Herbert W. Franke (14 May 1927 – 16 July 2022) was an Austrian scientist and writer. Die Zeit calls him "the most prominent German writing Science Fiction author".
He is also one of the important early computer artists (and collectors), creating computer graphics and early digital art since the late 1950s. Franke was also active in the fields of future research as well as speleology. He used his pen name Sergius Both as this Avatar name in Active Worlds and Opensimulator grids. The Sergius Both Award is given for creative scripting in Immersionskunst by Stiftung Kunstinformatik, first time issued at Amerika Art 2022.

Biography 
Franke was born in Vienna on 14 May 1927. Franke studied physics, mathematics, chemistry, psychology and philosophy in Vienna. He received his doctorate in theoretical physics in 1950 by writing a dissertation about electron optics. 

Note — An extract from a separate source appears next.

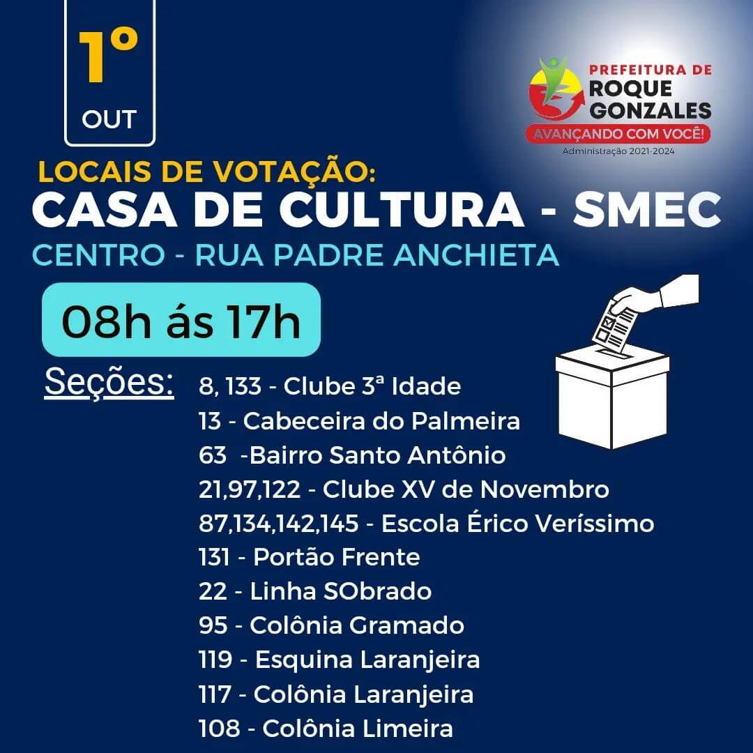 🗳 Confira os locais e horários de votação. Arrasta pro lado.

Since 1957, he worked as a freelance author. From 1973 to 1997 he held a lectureship in "Cybernetical Aesthetic" at Munich University (later computer graphics – computer art). In 1979, he co-founded Ars Electronica in Linz/Austria. In 1979 and 1980, he lectured in "introduction to perception psychology" at the Art & Design division of the Bielefeld University of Applied Sciences. Also in 1980 he became a selected member of the German PEN club.

A collection of short stories titled "The Green Comet" was his first publication. In 1998, Franke attended a SIGGRAPH computer graphics conference in Orlando and was a juror at the "VideoMath Festival" Berlin. He also took part in innumerable performances and presentations.

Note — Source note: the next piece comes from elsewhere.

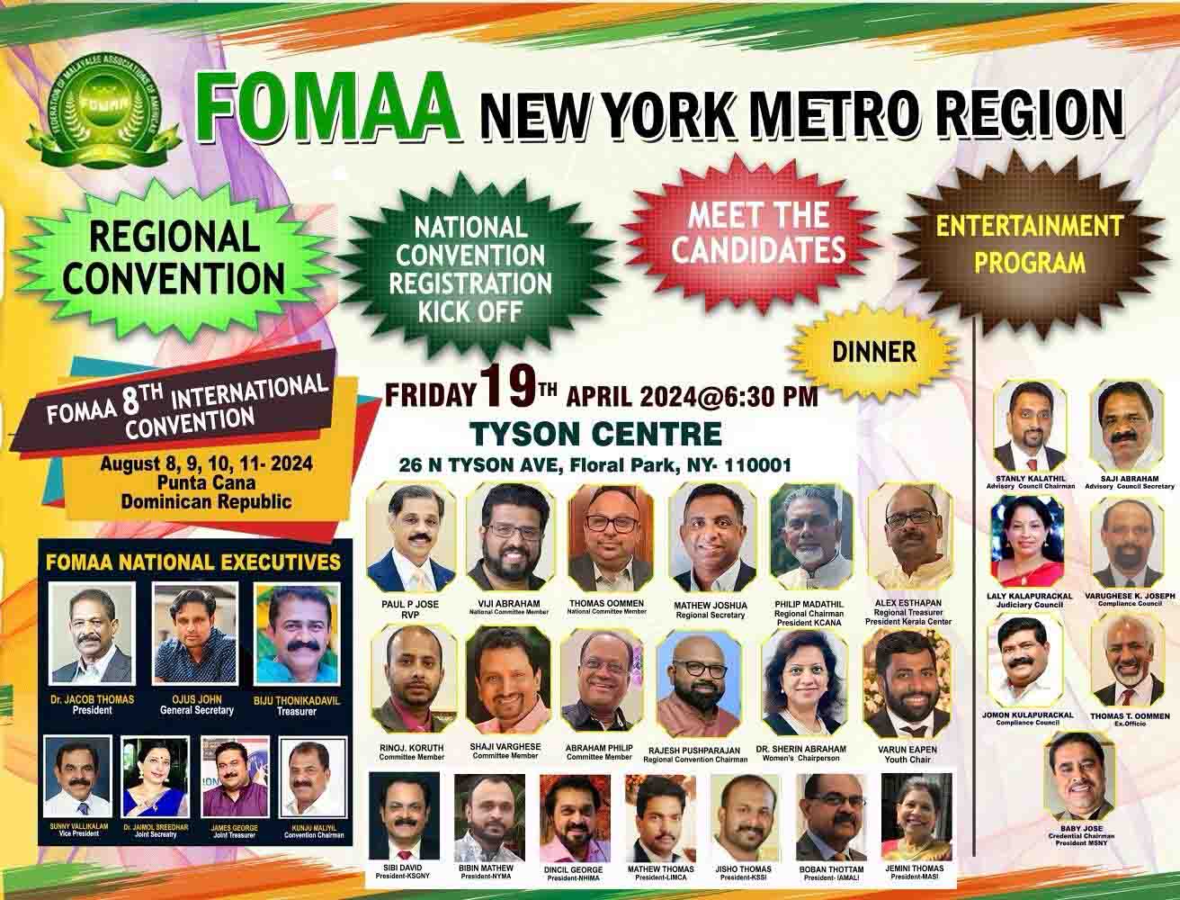 ന്യൂയോർക്ക്: അമേരിക്കയിലെ മലയാളീ സംഘടനകളുടെ ഏറ്റവും വലിയ സംഘടനയായ ഫോമായുടെ ന്യൂയോർക്ക് മെട്രോ റീജിയൺ കൺവെൻഷൻ 19-ന് വെള്ളിയാഴ്ച വൈകിട്ട് 6:30 മുതൽ പ്രൗഡ്ഢ ഗംഭീരമായി നടത്തുവാനുള്ള ക്രമീകരണങ്ങൾ പൂർത്തിയായി. ഫ്ലോറൽ പാർക്കിലുള്ള ടൈസൺ സെന്ററിൽ (26 North Tyson Avenue, Floral Park, New York, 11001) ഫോമാ ഭാരവാഹികളുടെയും സാമൂഹിക-സാംസ്കാരിക രംഗത്തെ പ്രമുഖരുടെയും നിറ സാന്നിധ്യത്തിൽ വിവിധ കലാപരിപാടികളോടെ നടത്തുവാനാണ് ക്രമീകരിച്ചിരിക്കുന്നത്. മെട്രോ റീജിയണൽ വൈസ് പ്രസിഡൻറ് (RVP) പോൾ ജോസിന്റെ നേതൃത്വത്തിലുള്ള സംഘാടക സമിതിയാണ് കൺവെൻഷൻ നടത്തിപ്പിനുള്ള ചുമതല വഹിക്കുന്നത്.

The archvie Herbert W. Franke is at ZKM | Center for Art and Media Karlsruhe.

Franke died in Egling on 16 July 2022 at the age of 95.

Publications 
 1963 "Planet der Verlorenen" (Planet of the lost) as Sergius Both.
 1964 The Magic of Molecules (Magie der Moleküle, 1958)
 1973 The Orchid Cage (Der Orchideenkäfig, 1961)
 1974 The Mind Net (Das Gedankennetz, 1961)
 1974 Zone Null (Zone Null, 1970)
 1979 Ypsilon minus (Ypsilon Minus, 1976)
 1971 Computer Graphics: Computer Art (Computergraphik – Computerkunst, 1971)
 2003 "Vorstoß in die Unterwelt – Abenteuer Höhlenforschung" (Approach to the Underworld – Adventure Cave Research) was published.
 2004 "Sphinx_2" released.
 2005 "Cyber City Süd" released.
 2006 "Auf der Spur des Engels" released.
 2007 "Flucht zum Mars" released.

Awards and honours 
1985 and 1991: Deutscher Science Fiction Preis (best novel)
1985, 1986, 2007: Kurd Lasswitz prize
1987 Computer art award of the German software manufacturer Association
1989 Phantastik-Preis der Stadt Wetzlar
1992 Karl Theodor Vogel Prize for technology journalism
2002 Dr. Benno-Wolf-Preis by VdHK (German Speleological Federation) – for merits in speleology
2007 Austrian Cross of Honour for Science and Art, 1st class
2007 Collection of projects in honor of Herbert W. Franke's 80's birthday on May 14th
2016 Life Time Award of the European Science Fiction Society "European Grand Master of Science Fiction"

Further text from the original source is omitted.